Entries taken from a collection
○ ○ ○
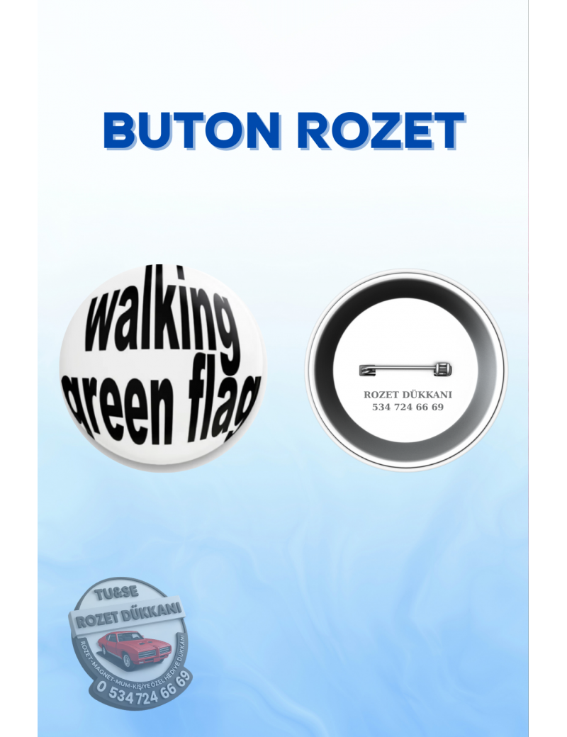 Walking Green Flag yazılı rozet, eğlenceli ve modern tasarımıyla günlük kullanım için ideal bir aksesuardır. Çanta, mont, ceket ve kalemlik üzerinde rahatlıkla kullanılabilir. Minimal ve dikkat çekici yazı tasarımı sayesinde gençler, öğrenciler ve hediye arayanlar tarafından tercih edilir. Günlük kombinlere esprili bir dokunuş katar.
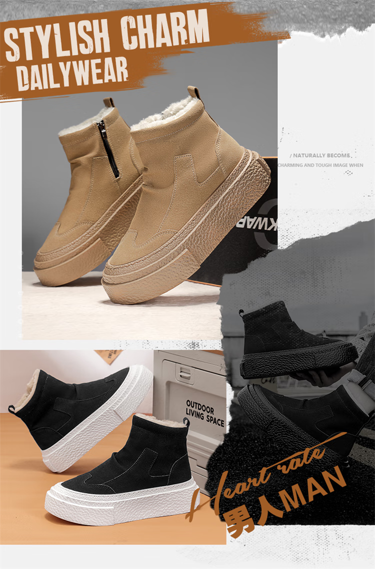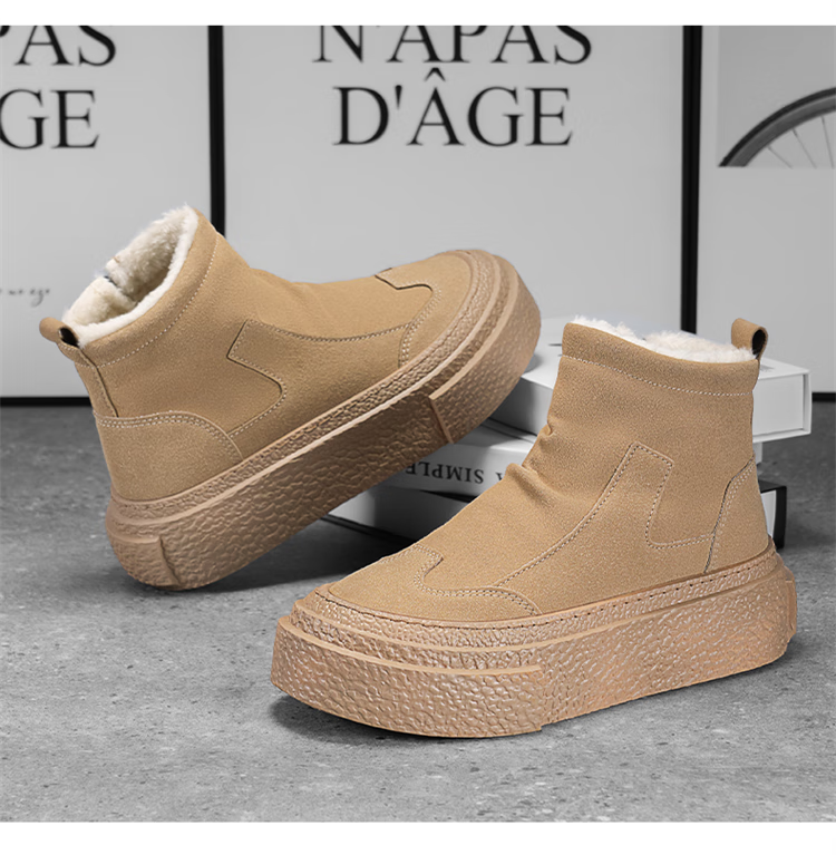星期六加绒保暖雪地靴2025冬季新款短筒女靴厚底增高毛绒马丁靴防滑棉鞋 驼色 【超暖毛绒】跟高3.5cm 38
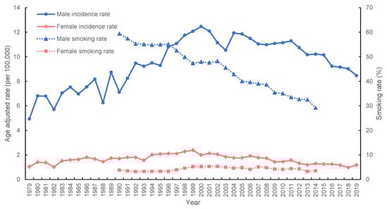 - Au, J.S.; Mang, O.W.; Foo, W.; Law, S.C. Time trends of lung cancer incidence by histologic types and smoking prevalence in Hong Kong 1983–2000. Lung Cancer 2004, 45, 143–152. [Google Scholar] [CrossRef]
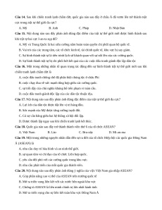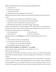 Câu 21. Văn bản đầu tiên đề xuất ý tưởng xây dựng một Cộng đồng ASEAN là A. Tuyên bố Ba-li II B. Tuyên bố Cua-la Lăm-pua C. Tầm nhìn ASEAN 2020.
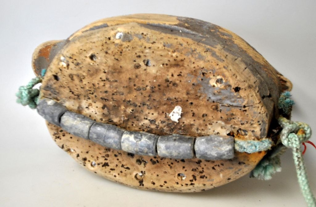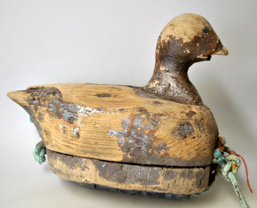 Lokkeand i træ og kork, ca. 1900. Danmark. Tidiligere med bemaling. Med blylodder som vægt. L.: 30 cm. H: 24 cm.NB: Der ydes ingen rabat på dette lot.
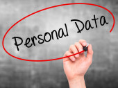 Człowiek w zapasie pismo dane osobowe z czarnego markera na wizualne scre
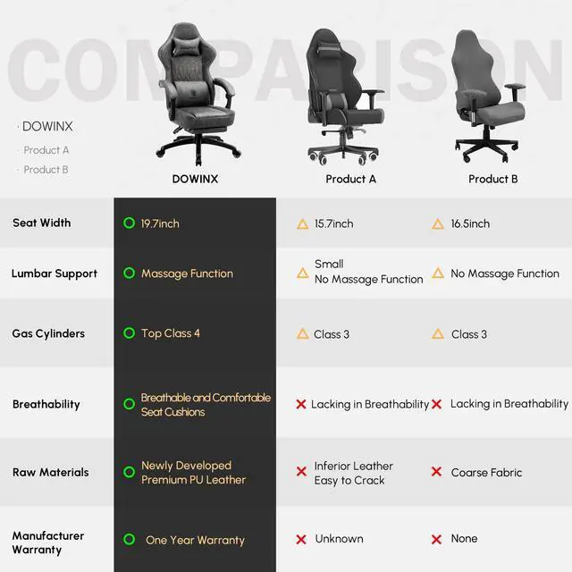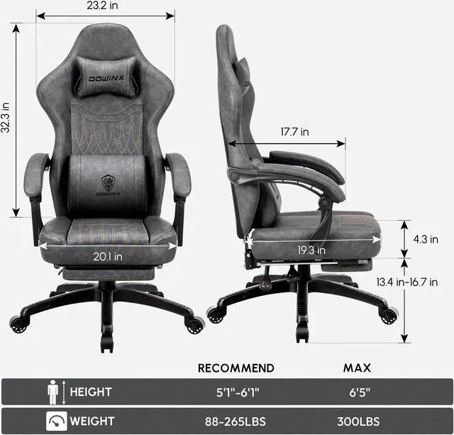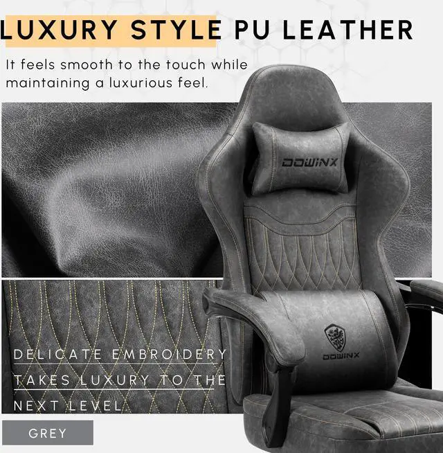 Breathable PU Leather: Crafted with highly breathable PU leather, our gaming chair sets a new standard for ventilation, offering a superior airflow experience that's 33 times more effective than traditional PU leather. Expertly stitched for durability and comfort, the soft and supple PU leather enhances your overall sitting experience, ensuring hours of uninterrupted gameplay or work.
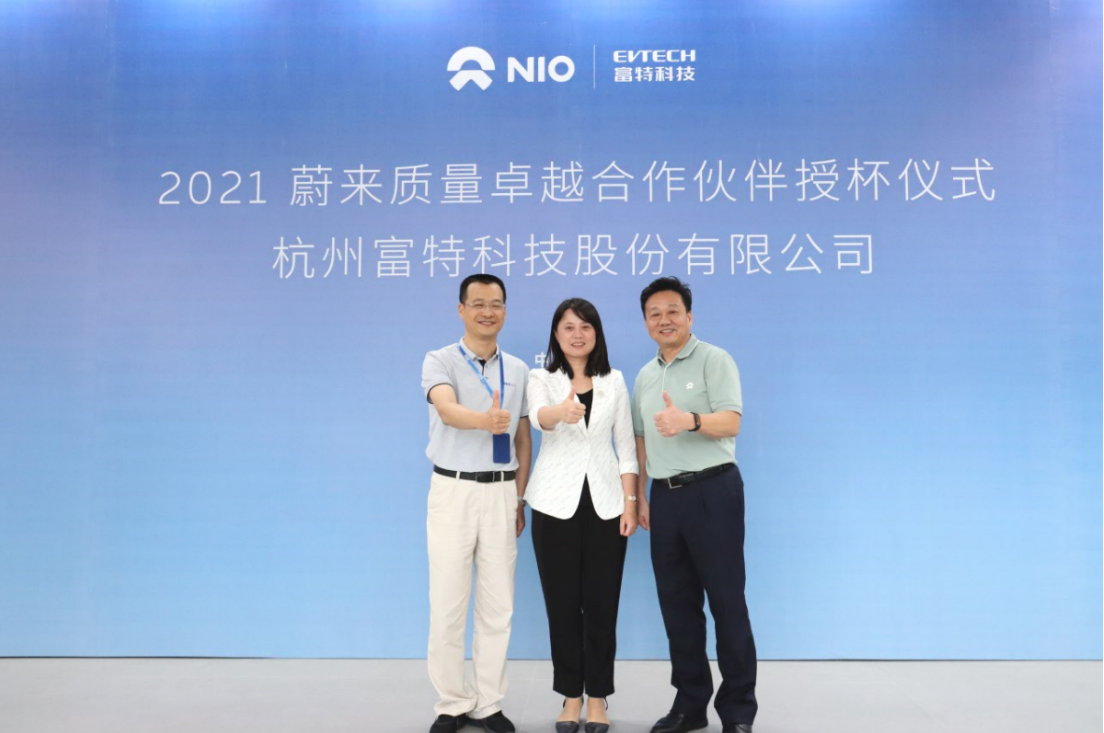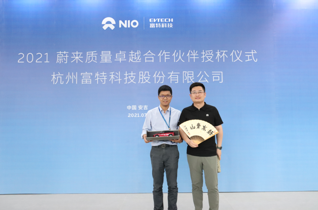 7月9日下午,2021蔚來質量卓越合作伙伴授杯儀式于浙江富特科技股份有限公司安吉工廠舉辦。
○ ○ ○
__What to work on__
Print the lines from the line with "Człowiek w zapasie" to the end of the data above. Include both ends, exclude the pictures, and add nothing else.

__The answer__
 Człowiek w zapasie pismo dane osobowe z czarnego markera na wizualne scre
 Breathable PU Leather: Crafted with highly breathable PU leather, our gaming chair sets a new standard for ventilation, offering a superior airflow experience that's 33 times more effective than traditional PU leather. Expertly stitched for durability and comfort, the soft and supple PU leather enhances your overall sitting experience, ensuring hours of uninterrupted gameplay or work.
 7月9日下午,2021蔚來質量卓越合作伙伴授杯儀式于浙江富特科技股份有限公司安吉工廠舉辦。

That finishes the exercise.